Когда он вышел, постель уже была убрана, а на столике стоял разнос с бутербродами, и приятно пахнущий пар клубился над большой белой чашкой. Благодарный поцелуй, немое восхищение в его глазах. Он действительно счастливец. Как жаль, что надо одеваться и идти работать, что нельзя остаться и сидеть, купаясь в этом тепле и слушая, как клён шелестит за окном. Но служебный автобус не станет ждать, и на заводе никто не улыбнётся понимающе, заметив отсутствие счастливца, и разнос с бутербродами не возникнет из ничего, если автобус уедет.
Хлопнула дверь. На разносе стояла пустая белая чашка в окружении колючих хлебных крошек.
Она вздохнула. Лёгкая растерянность промелькнула в глазах, но тотчас исчезла. Дневной двор наполнился звуками человеческих голосов и добродушным собачьим лаем.
Она села в кресло и принялась листать толстый глянцевый журнал, пытаясь скрасить непривычное одиночество цветастыми фотографиями искусственных людей.

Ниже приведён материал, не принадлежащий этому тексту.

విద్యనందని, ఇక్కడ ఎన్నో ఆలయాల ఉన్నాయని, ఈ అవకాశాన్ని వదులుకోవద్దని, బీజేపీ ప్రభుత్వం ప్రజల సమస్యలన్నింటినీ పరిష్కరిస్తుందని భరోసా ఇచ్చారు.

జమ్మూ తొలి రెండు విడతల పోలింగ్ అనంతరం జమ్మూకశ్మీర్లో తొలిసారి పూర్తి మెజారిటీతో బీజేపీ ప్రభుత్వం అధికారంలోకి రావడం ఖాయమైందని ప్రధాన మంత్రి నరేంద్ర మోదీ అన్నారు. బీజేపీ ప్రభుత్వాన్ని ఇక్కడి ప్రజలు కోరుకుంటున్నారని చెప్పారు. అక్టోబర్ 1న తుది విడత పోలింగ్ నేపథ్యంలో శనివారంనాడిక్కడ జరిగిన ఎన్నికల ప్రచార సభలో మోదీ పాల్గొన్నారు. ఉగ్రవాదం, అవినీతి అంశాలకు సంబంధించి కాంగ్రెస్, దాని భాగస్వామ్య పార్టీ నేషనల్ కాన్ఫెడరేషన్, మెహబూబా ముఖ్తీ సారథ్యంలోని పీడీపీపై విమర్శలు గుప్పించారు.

Одиночество не скрасилось, но через какое-то время сделалось более привычным и понятным. Ведь солнце светит, и клён шелестит, и ничто не меняется: так будет всегда. Он вернётся, и вновь будет восхищение в его глазах и благодарный поцелуй. У него будут выходные дни, и будет отпуск. И будут весёлые поездки и путешествия, танцы и объятия. Будет жизнь. Жизнь, подобная глубокому деревенскому колодцу. Жизнь, которую нельзя вычерпнуть до дна, потому как с каждым солнечным восходом она наполняется вновь.